Prima di giungere all’Oro, l’Iniziato deve però passare per il Regno della Luna (rossa, ovvero di elevata nobiltà e potenza) e sviluppare al massimo le proprie facoltà intuitive, la veggenza, la sensitività e comandarle a piacere. In ogni percorso iniziatico dall’Orfismo allo Sciamanesimo, dall’Alchimia allo Yoga, esiste una simbolica “morte in vita” a cui segue una “resurrezione” alla nuova condizione di sapiente, di “oculatus” (dotato di nuovi occhi), il paragone più noto che sempre si fa è quello del seme, che deve morire per rinascere come nuova pianta.

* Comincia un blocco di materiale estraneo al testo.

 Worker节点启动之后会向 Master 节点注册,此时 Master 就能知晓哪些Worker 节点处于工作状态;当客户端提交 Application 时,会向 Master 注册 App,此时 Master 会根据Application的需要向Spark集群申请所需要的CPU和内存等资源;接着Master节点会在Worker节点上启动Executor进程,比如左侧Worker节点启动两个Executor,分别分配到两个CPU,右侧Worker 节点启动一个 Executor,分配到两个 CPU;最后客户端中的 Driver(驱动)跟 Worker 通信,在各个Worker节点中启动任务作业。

Si può dire che i Misteri vanno prima intuiti e poi capiti. I “morti che risorgono”, sono quelle parti che si erano “mescolate” all’altro Soltizio, che ora sorgono più splendenti e rafforzate e non più disgiunte tra di loro. Ossia, secondo i Filosofi, l’uomo possiede in sé delle forze nascoste, dei grandi poteri, che sono simboleggiati dal Drago ovvero dal Serpente, la Kundalini dello Yoga, che deve imparare a dominare e a porre sotto il controllo della sua parte cosciente, per poi poterli usare a piacimento: questo è in sintesi il segreto dell’Arte. Tutto questo però fa parte di un percorso iniziatico, che si snoda nei Festival dell’Anno Magico e che prevede tappe successive di maturazione e di trasformazione, ricche di un simbolismo che aiuta l’iniziato ad elevarsi ed a intuire ciò che la ragione non può sempre comprendere. Alla fine si realizza quell’unità che è chiamata anche Pietra, o, altrove, Loto dai Mille Petali. Ecco dunque chiarite le parole del Filosofo, e quindi ci sarà di nuovo permesso di “mischiarci” a loro, ciò di iniziare un nuovo ciclo partendo dalla “nigredo”.